Estimation of Price Surfaces¶

This notebook outlines how to use the lowess.SmoothDates model to fit a LOWESS estimate where the coefficients change over time.

Imports¶

import pandas as pd
import numpy as np

import matplotlib.pyplot as plt
import seaborn as sns

import pickle

from moepy import lowess, moe, eda, surface

Data Preparation¶

We'll first load the data in

df_EI = pd.read_csv('../data/ug/electric_insights.csv')

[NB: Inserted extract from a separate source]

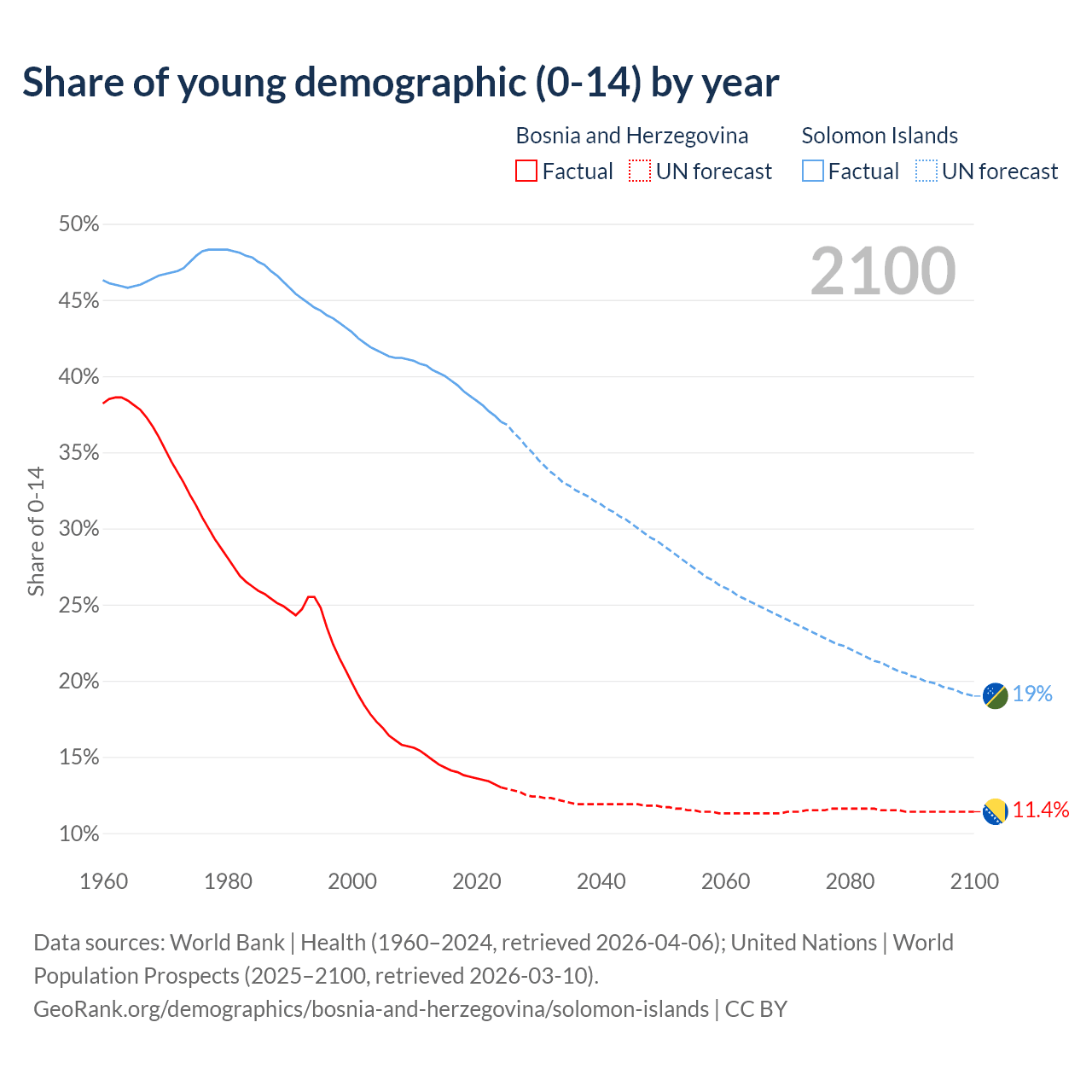 - The share of young demographic (0-15 years old) in Bosnia and Herzegovina is 13% vs 37% in the Solomon Islands.

df_EI['local_datetime'] = pd.to_datetime(df_EI['local_datetime'], utc=True)
df_EI = df_EI.set_index('local_datetime')

df_EI.head()

local_datetime	day_ahead_price	SP	imbalance_price	valueSum	temperature	TCO2_per_h	gCO2_per_kWh	nuclear	coal	...	demand	pumped_storage	wind_onshore	wind_offshore	french	irish
2010-01-01 00:00:00+00:00	32.91	1	55.77	55.77	1.1	16268	429	7.897	9.902	...	37.948	-0.435	nan	nan	1.963	-0.234
2010-01-01 00:30:00+00:00	33.25	2	59.89	59.89	1.1	16432	430	7.897	10.074	...	38.227	-0.348	nan	nan	1.974	-0.236
2010-01-01 01:00:00+00:00	32.07	3	53.15	53.15	1.1	16318	431	7.893	10.049	...	37.898	-0.424	nan	nan	1.983	-0.236
2010-01-01 01:30:00+00:00	31.99	4	38.48	38.48	1.1	15768	427	7.896	9.673	...	36.918	-0.575	nan	nan	1.983	-0.236
2010-01-01 02:00:00+00:00	31.47	5	37.7	37.7	1.1	15250	424	7.9	9.37	...	35.961	-0.643	nan	nan	1.983	-0.236

Then extract the relevant time-series for our analysis

df_EI_model = df_EI[['day_ahead_price', 'demand', 'solar', 'wind']].dropna()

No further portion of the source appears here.